Wirth, Lori J; Durante, Cosimo; Topliss, Duncan J; Winquist, Eric; Robenshtok, Eyal; Iwasaki, Hiroyuki; Luster, Markus; Elisei, Rossella; Leboulleux, Sophie; Tahara, Makoto.
Afiliação
  • Wirth LJ; Harvard Medical School, Massachusetts General Hospital, Boston, MA, USA.
  • Durante C; Sapienza University of Rome, Rome, Italy.
  • Topliss DJ; Alfred Health, and Monash University, Melbourne, Australia.
  • Winquist E; University of Western Ontario, London, ON, Canada.
  • Robenshtok E; Rabin Medical Center, Beilinson Hospital, Petach Tikva, Sackler Faculty of Medicine, Tel Aviv University, Israel.
  • Iwasaki H; Kanagawa Cancer Center, Asahi-ku, Yokohama, Kanagawa, Japan.
  • Luster M; University Hospital Marburg, Marburg, Germany.
  • Elisei R; University of Pisa, Lungarno Pacinotti, Pisa, Italy.
  • Leboulleux S; Gustave-Roussy, Villejuif, France, and the University of Paris-Saclay, Gif-sur-Yvette, France.
  • Tahara M; National Cancer Center Hospital East, Kashiwa, Japan.
Oncologist ; 27(7): 565-572, 2022 07 05.
Article em En | MEDLINE | ID: mdl-35482606
ABSTRACT

BACKGROUND:

Lenvatinib is a multitargeted tyrosine kinase inhibitor approved for treating patients with locally recurrent or metastatic progressive radioiodine-refractory differentiated thyroid cancer (RR-DTC). In this review, we discuss recent developments in the optimization of RR-DTC treatment with lenvatinib.

SUMMARY:

Initiation of lenvatinib treatment before a worsening of Eastern Cooperative Oncology Group performance status and elevated neutrophil-to-lymphocyte ratio could benefit patients with progressive RR-DTC. The median duration of response with lenvatinib was inversely correlated with a smaller tumor burden, and prognosis was significantly worse in patients with a high tumor burden. An 18 mg/day starting dose of lenvatinib was not noninferior to 24 mg/day and had a comparable safety profile. Timely management of adverse events is crucial, as patients with shorter dose interruptions benefitted more from lenvatinib treatment. Caution should be exercised when initiating lenvatinib in patients who have tumor infiltration into the trachea or other organs, or certain histological subtypes of DTC, as these are risk factors for fistula formation or organ perforation.

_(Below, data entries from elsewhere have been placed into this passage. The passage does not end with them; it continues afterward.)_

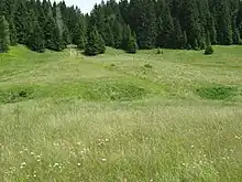 L'occupation des sols de la commune, telle qu'elle ressort de la base de données européenne d’occupation biophysique des sols Corine Land Cover (CLC), est marquée par l'importance des forêts et milieux semi-naturels (54,3 % en 2018), une proportion identique à celle de 1990 (54,3 %). La répartition détaillée en 2018 est la suivante : forêts (51,9 %), prairies (45,8 %), milieux à végétation arbustive et/ou herbacée (2,4 %)[13]. L'évolution de l’occupation des sols de la commune et de ses infrastructures peut être observée sur les différentes représentations cartographiques du territoire : la carte de Cassini (XVIIIe siècle), la carte d'état-major (1820-1866) et les cartes ou photos aériennes de l'IGN pour la période actuelle (1950 à aujourd'hui)[Carte 1].
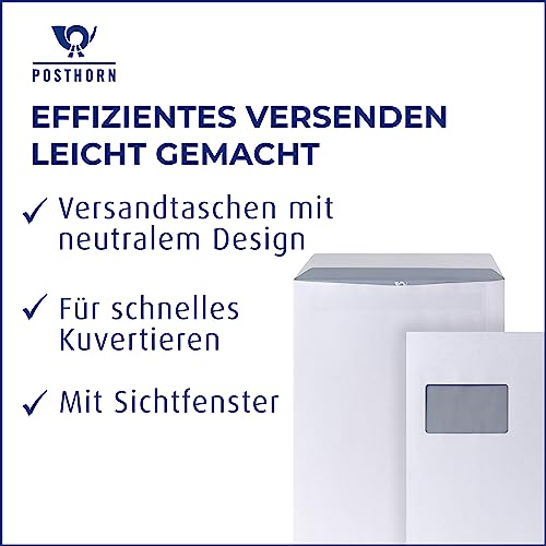 Posthorn 05270107 busta con finestra, autoadesiva, 250 pezzi, C4, 229 x 324 mm, 120 g, colore: bianco
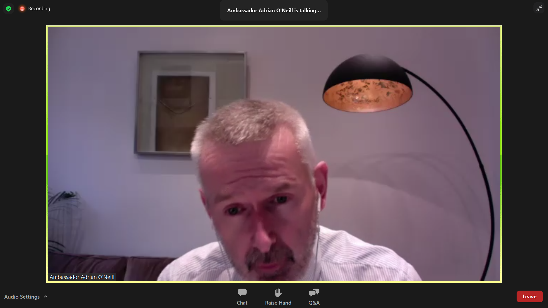 Ambassador Adrian O’Neill continued the theme in his address referring to the “tough year” we have all faced. He praised the spirit of collaboration shown by Irish community and cultural organisations in their response to the crisis and said, “The challenge now is to sustain this collaborative effort and response during the winter and into spring.” He concluded by assuring attendees that although the Embassy was closed to visitors due to the recent lockdown, “metaphorically our door remains open”.
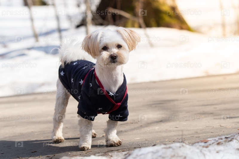 Бишон фризе в заснеженном лесу
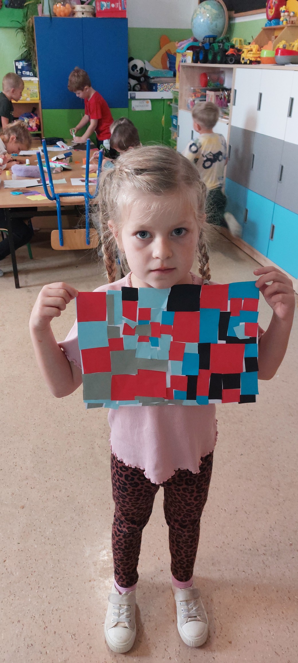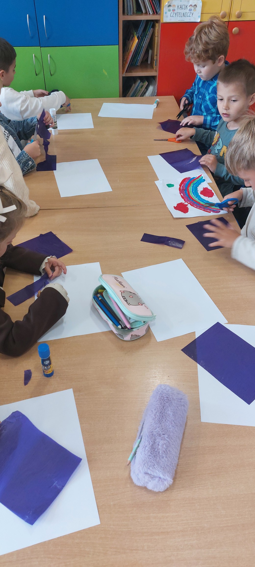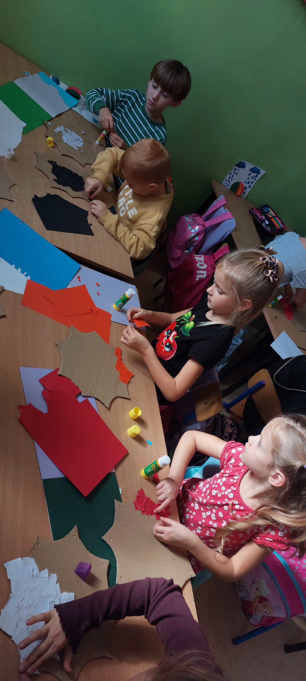 Podczas kolejnych spotkań przedszkolaki wspólnie wykonały duże akwarium – pełne rybek, glonów i bąbelków, wszystko powstało z papieru i materiałów plastycznych. Praca zespołowa okazała się świetną zabawą i pokazała, że razem można stworzyć coś naprawdę pięknego.
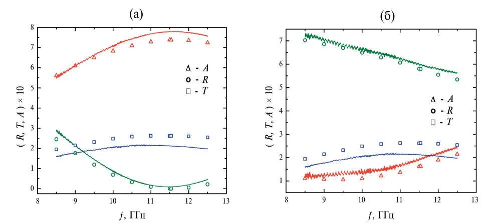 Рис. 1. Частотные зависимости микроволновых коэффициентов R, T и A медной пленки для двух геометрий падения волны: падение волны со стороны подложки (а) и падение волны со стороны пленки (б); символы – коэффициенты медной пленки толщиной 7.9 нм, напыленной непосредственно на подложку из кварцевого стекла, сплошные кривые – значения аналогичных коэффициентов для Cu-пленки такой же толщины, но выращенной на германиевом подслое.

The Study of (E7080) LEnvatinib in Differentiated Cancer of the Thyroid (SELECT) eligibility criteria should be considered prior to initiating lenvatinib treatment.

CONCLUSIONS:

Current evidence indicates that patients benefit most from lenvatinib treatment that is initiated earlier in advanced disease when the disease burden is low. A starting dose of lenvatinib 24 mg/day, with dose modifications as required, yields better outcomes as compared to 18 mg/day. Appropriate supportive care, including timely identification of adverse events, is essential to manage toxicities associated with lenvatinib, avoid longer dose interruptions, and maximize efficacy.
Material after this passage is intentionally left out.